We did not find anything matching those requirements, until a week or two later.
We had Cliff Moon, Co-Founder and CTO ofBoundary, visiting our New-York office to present Boundary and do a Tech Talk on Distributed Systems (which we blogged about).
We installed Boundary on some our servers to get a better idea. This was truly a revelation. The installation was painless with just a single command and as soon as the agent was up, it started to report data to the dashboard within the next second.
[dashboard graphic on the original post]
Each of the lines represent the traffic volume happening on a given port/protocol across all nodes at a 1 second resolution. Traffic can easily be broken down. For example you have the ability to group servers, either manually or dynamically using pattern matching which makes it easy to segment your front-end from your backend machines and see traffic flowing between those groups (this is where a descriptive naming policy for your machines comes handy).
Digging in deeper
You can further segment your traffic by port / protocol. For example TCP 5432 would be the traffic to/from PostgreSQL. You can then easily analyze the traffic that is going from your backend machines (or a subset of those) to your PostgreSQL. Same thing could be done to know the chatter around our messaging infrastructure on RabbitMQ.
A lot more details on how all of this can be done is visible on a Youtube video ‘Isolate your traffic with filters and conversations’.
There is a shortcoming currently for us where we are effectively losing a bit of visibility in our conversations. For instance, traffic to our services is always going through a set of dedicated service load balancers. For example we reach to it via a canonical url such as http://svc-product and the load balancer will balance between node1:7501, node2:7501, node3:7501. It means traffic from the caller to/from the load balancer happens on port 80 while the traffic to/from the load balancer to the callee is on port 7501.
caller ← port 80 → svc-lb ← port 7501 → callee
This means that the traffic flowing on port 80 is basically the aggregate of all service traffic and that we cannot see the traffic directly from caller to callee, but only the aggregate from caller to svc-lb and from svc-lb to callee.
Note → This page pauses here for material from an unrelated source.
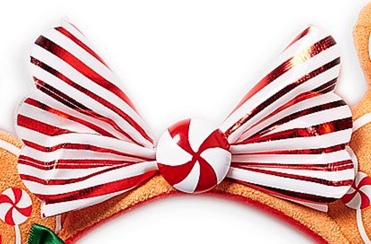 The ears on these ears are shaped like Mickey and Minnie Mouse gingerbread cookies. Both have peppermint candies on their cheeks and white detailing to look icing. The Mickey Mouse ear is decorated with a little Santa hat and a green bow with a peppermint candy decoration in the middle. Minnie Mouse’s bow has been updated from last years ears, which had a green bow. This year’s ears have a red bow with a peppermint candy decoration in the middle. The detailing on these ears is really cute.

This is something that may be alleviated a bit in the future as we are thinking about removing the load balancer and having applications doing the load balancing themselves using information from Zookeeper.
Boundary settings on the dashboard can be driven entirely from their REST API, which provides the added convenience of being able to integrate with your own configuration management system such as Puppet or Chef and a set of backend applications which may contain metadata about your environment.
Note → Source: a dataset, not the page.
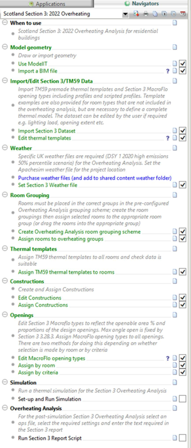 The Scotland Section 3: 2022 Overheating Analysis Navigator provides a workflow for users to follow but users are not bound to the workflow and can use it as required to meet their own needs, for example if preferred the user can use new project > TM59 template option.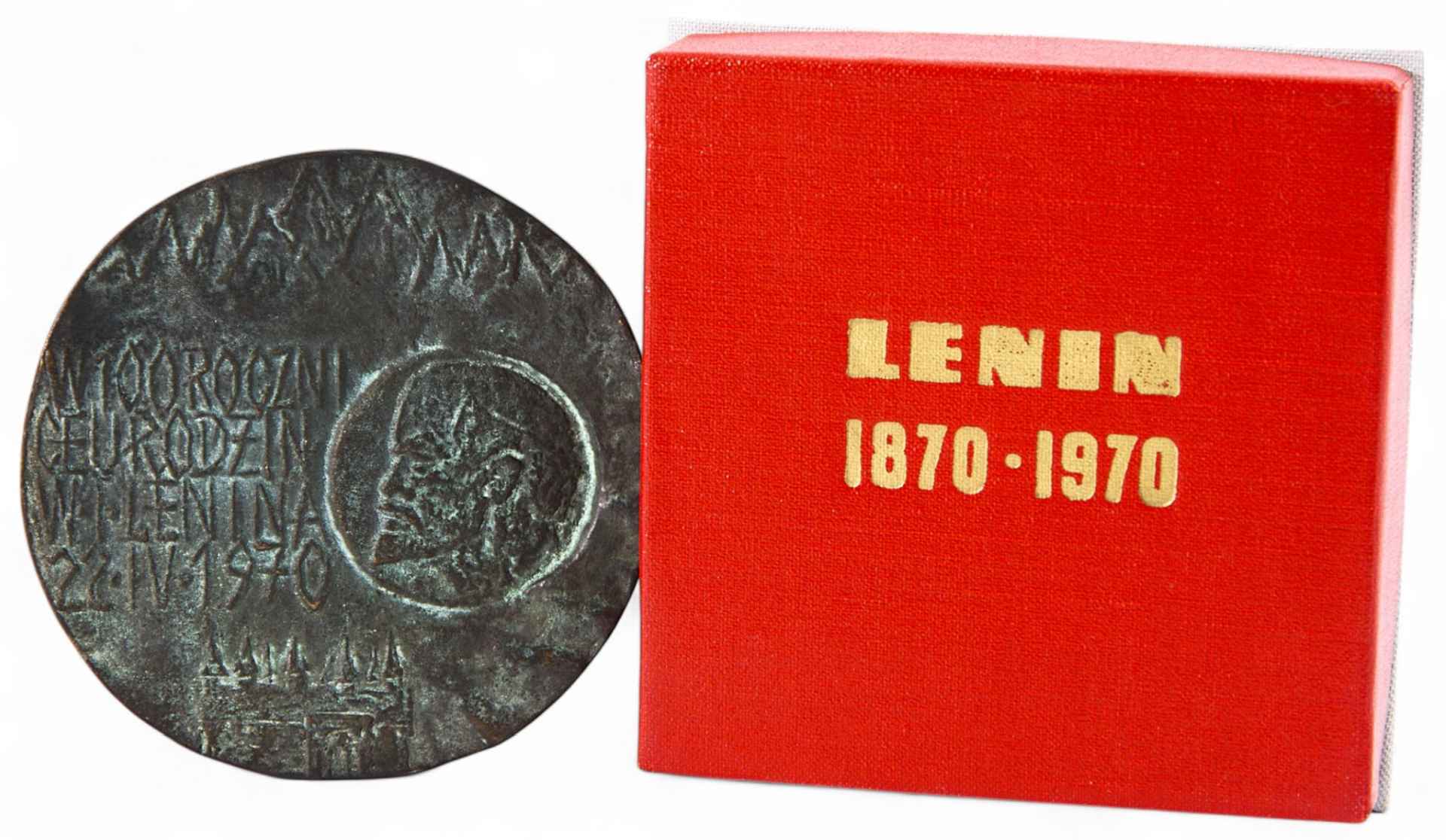 На реверсе профильное изображение В.И. Ленина и надпись: «W 100 Roczni Ceurodzin WTLenina/ 22-iw 1970». Автор медали польский скульптор, профессор Краковской академии искусств, Bronislaw Chromy (1925-2017).

The REST API is useful to define application aliases which gives names to a protocol:port (eg: ‘svc-product’ for TCP 7501), send deployment events or integrate with other systems (it can subscribe to NewRelic events via RSS).
We have only scratched the surface of Boundary so far and we are very excited about the direction it is taking and what is being developed. It has already proved extremely useful in identifying traffic volume and patterns occurring between services and databases. Something that would have required a lot more tedious investigative work can basically be done now in a few minutes and with much more flexibility than we could initially imagine and with no direct investment.
I hope that this (long) blog post will be helpful to some people who are facing the same challenges of not having enough visibility in their network traffic. If however you know of any interesting tool in that space, feel free to drop a note.
On a slightly unrelated note, we are also users of a nice library from Boundary called Ordasity. It is a great way to distribute workload across nodes via Zookeeper. It was brought to our attention during Scott Andreas’s tech talk at Gilt Groupe (another one !), and it might be the topic of another blog post.